**Exercise brief:** Once you find the line containing "燻製のおつまみカルボナーラ 690円(税", set down exactly that line and every one after it through the end of the listing below, with both ends included and any pictures omitted.
::: Given records :::
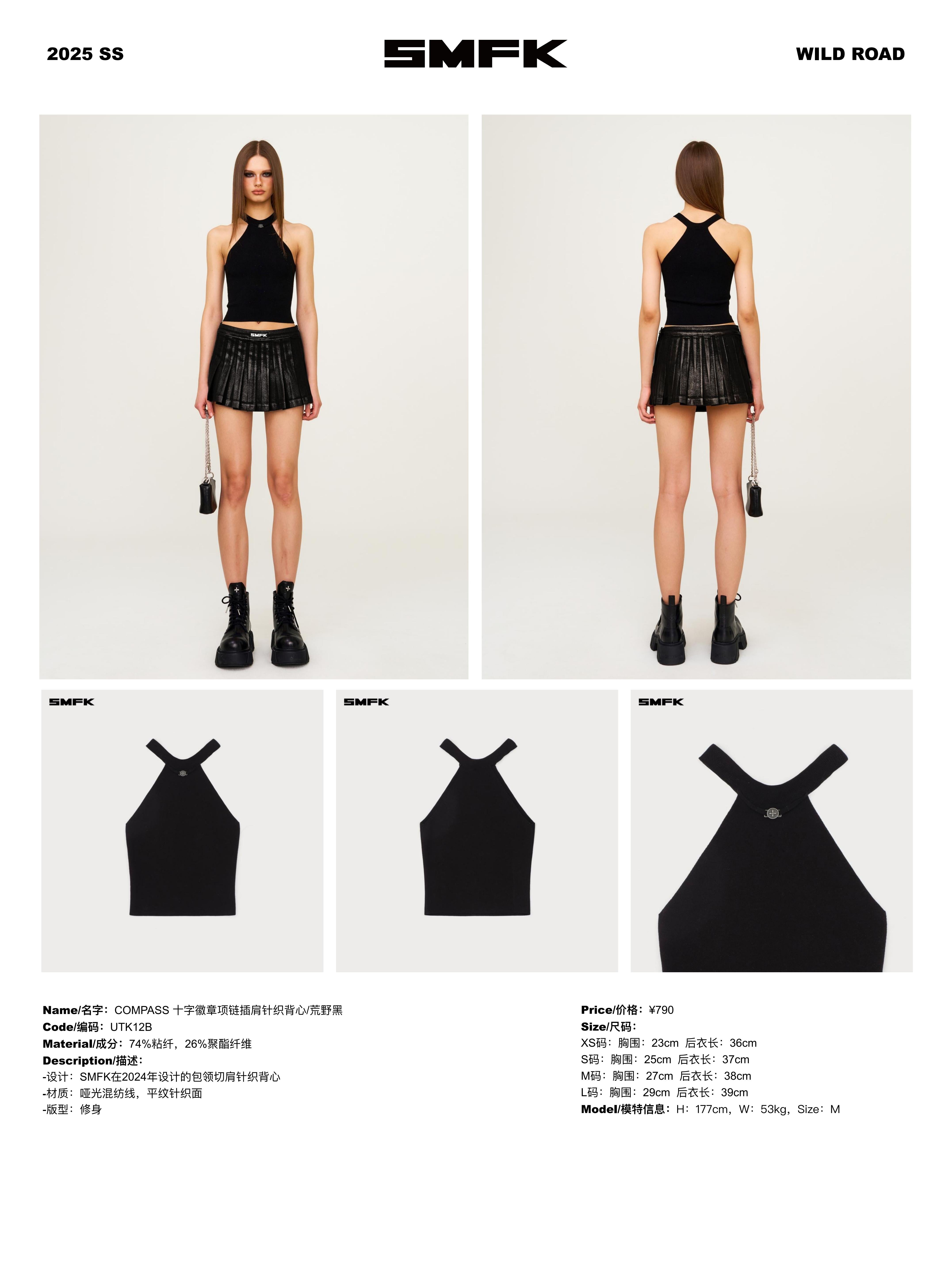 SMFK 2504 十字徽章项链插肩针织背心/荒野黑
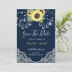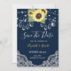 Rustikale Mason Glas, Spitze, Sonnenblumen und Saitenleuchten auf marineblau blauem Hintergrund. Schönes Save the Date, dass mit Ihrem Namen angepasst werden kann. Wählen Sie die Schaltfläche "Anpassen", um Stil, Farbe und Größe des Schriftartes zu ändern.
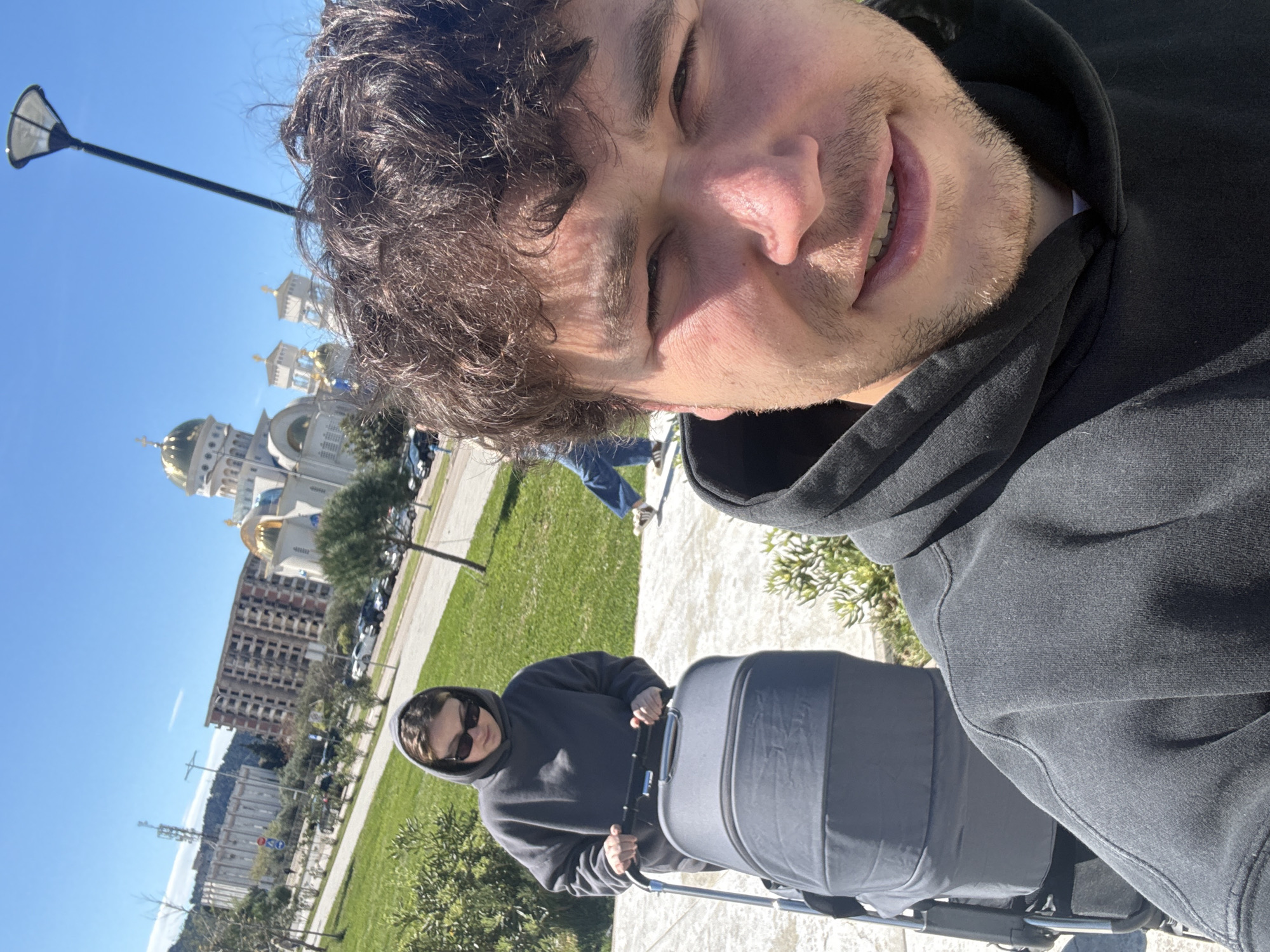 A selfie shows a fair-skinned young man with curly brown hair and a black hooded sweatshirt smiling at the camera. Behind him, another person in a grey hooded sweatshirt is pushing a grey stroller. The background includes a green lawn, a paved path, and buildings, including the Orthodox Cathedral of St. John Vladimir in Bar, Montenegro, visible by its golden domes. A lamp post is also visible in the background. The lighting suggests a sunny day.
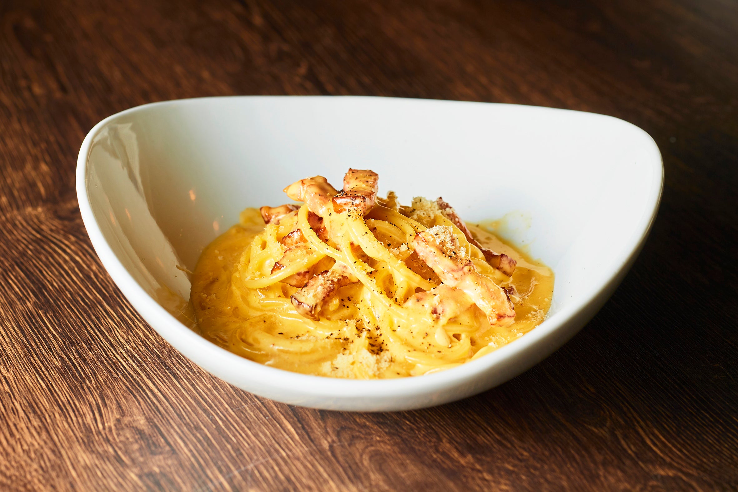 燻製のおつまみカルボナーラ 690円(税抜)/濃厚さとスモーキーさがたまらない。自慢の逸品です。
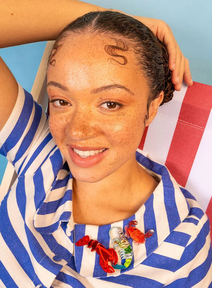 One for a night on the cocktails, it’s the Pearly Prawn Brooch - Green by Tatty Devine. Laser cut in a myriad of marine green marbled acrylic, this crustacean is hand layered over shimmering aqua to accentuate its delicate antennas and beady black cabochon eye. Set against a brooch back, liven up your lapel or LBD and serve sea-rious cool in this pint-sized party piece. Go on, be shellfish and treat yourself!
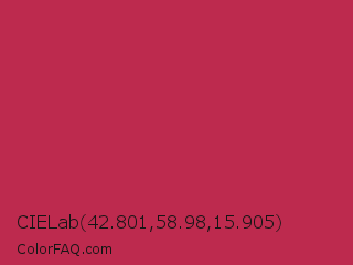 CIELab 42.801,58.98,15.905 Color is a normal red color and the nearest color is Dingy Dungeon #c53151. Hex code #bd2a4e and RGB value is rgb(189,42,78). In RGB color space, this color is composed of 74% red, 16% green, 31% blue, In CMYK color space, this color is composed of 0% cyan, 78% magenta, 59% yellow , 26% black , In HSL color space, this color has a hue angle of 345° , 64% saturation and 45% lightness.
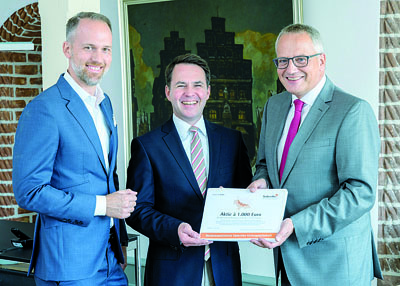 Birkel – Krüger – Zeinert ihk,Wege Foto: t&w IHK Lüneburg Zeinert, Dr. Krüger und Herrn Birkel, neuer Aufsichtsratsvorsitzender der Süderelbe AG Aktienübergabe
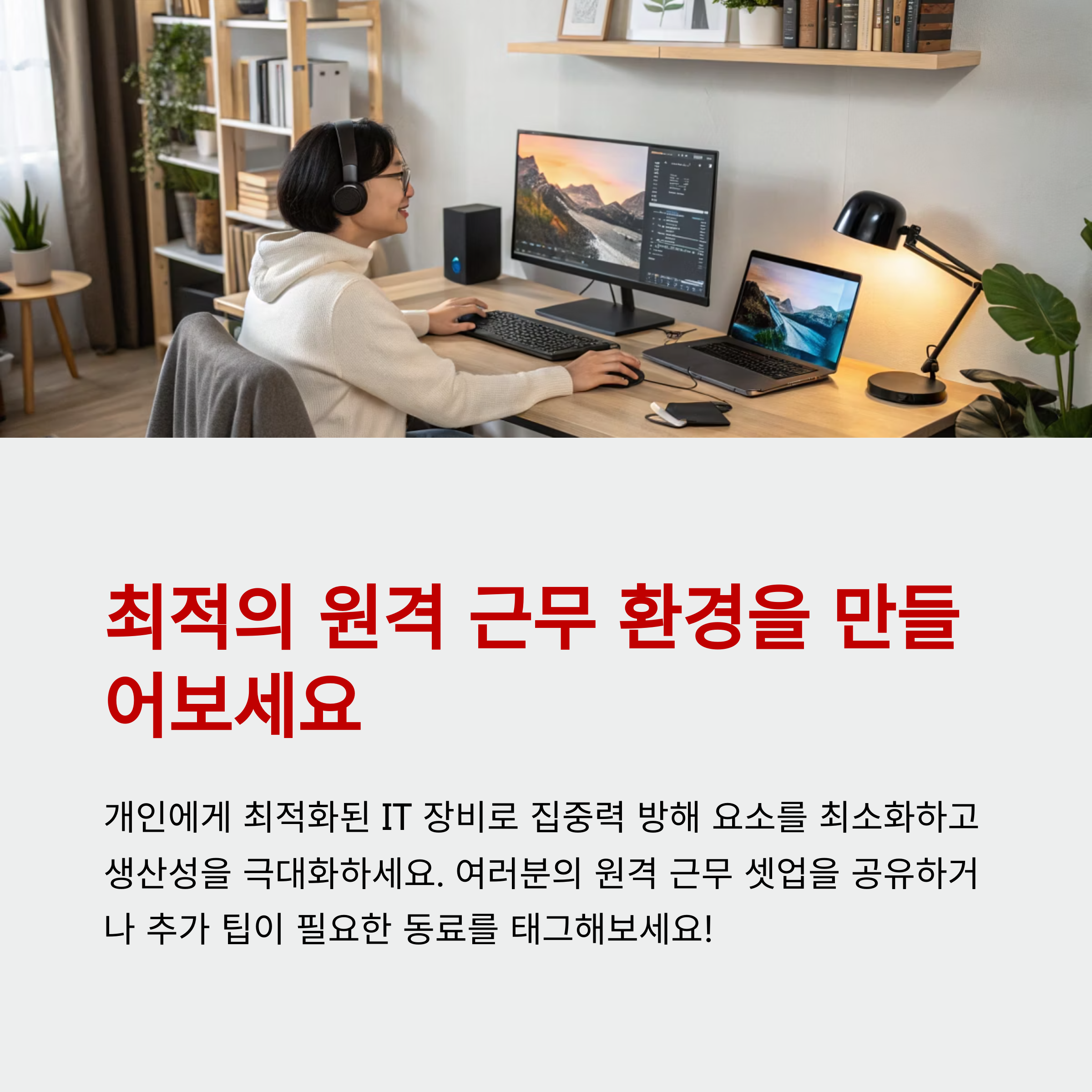 원격 근무가 보편화되면서 집에서의 업무 환경을 어떻게 구성하느냐가 생산성과 직결되고 있습니다. 단순히 노트북 하나로는 집중하기 어려운 환경에서, 업무 몰입도를 높여주는 IT 장비들은 작은 변화로 큰 효율을 가져다줄 수 있습니다. 모니터, 키보드, 마우스는 물론, 화상회의용 웹캠과 노이즈 캔슬링 마이크까지. 각각의 장비가 가지는 성능과 편의성을 알고 활용하면, 재택근무도 훨씬 더 스마트하고 유연하게 할 수 있습니다. 이 글에서는 원격 근무자에게 꼭 필요한 IT 장비 세트를 항목별로 소개하고, 추천 모델과 선택 기준까지 정리해드립니다. 지금부터 ‘집무실'을 최적의 업무 공간으로 바꿔보세요!
:::
**Solution:**
 燻製のおつまみカルボナーラ 690円(税抜)/濃厚さとスモーキーさがたまらない。自慢の逸品です。
 One for a night on the cocktails, it’s the Pearly Prawn Brooch - Green by Tatty Devine. Laser cut in a myriad of marine green marbled acrylic, this crustacean is hand layered over shimmering aqua to accentuate its delicate antennas and beady black cabochon eye. Set against a brooch back, liven up your lapel or LBD and serve sea-rious cool in this pint-sized party piece. Go on, be shellfish and treat yourself!
 CIELab 42.801,58.98,15.905 Color is a normal red color and the nearest color is Dingy Dungeon #c53151. Hex code #bd2a4e and RGB value is rgb(189,42,78). In RGB color space, this color is composed of 74% red, 16% green, 31% blue, In CMYK color space, this color is composed of 0% cyan, 78% magenta, 59% yellow , 26% black , In HSL color space, this color has a hue angle of 345° , 64% saturation and 45% lightness.
 Birkel – Krüger – Zeinert ihk,Wege Foto: t&w IHK Lüneburg Zeinert, Dr. Krüger und Herrn Birkel, neuer Aufsichtsratsvorsitzender der Süderelbe AG Aktienübergabe
 원격 근무가 보편화되면서 집에서의 업무 환경을 어떻게 구성하느냐가 생산성과 직결되고 있습니다. 단순히 노트북 하나로는 집중하기 어려운 환경에서, 업무 몰입도를 높여주는 IT 장비들은 작은 변화로 큰 효율을 가져다줄 수 있습니다. 모니터, 키보드, 마우스는 물론, 화상회의용 웹캠과 노이즈 캔슬링 마이크까지. 각각의 장비가 가지는 성능과 편의성을 알고 활용하면, 재택근무도 훨씬 더 스마트하고 유연하게 할 수 있습니다. 이 글에서는 원격 근무자에게 꼭 필요한 IT 장비 세트를 항목별로 소개하고, 추천 모델과 선택 기준까지 정리해드립니다. 지금부터 ‘집무실'을 최적의 업무 공간으로 바꿔보세요!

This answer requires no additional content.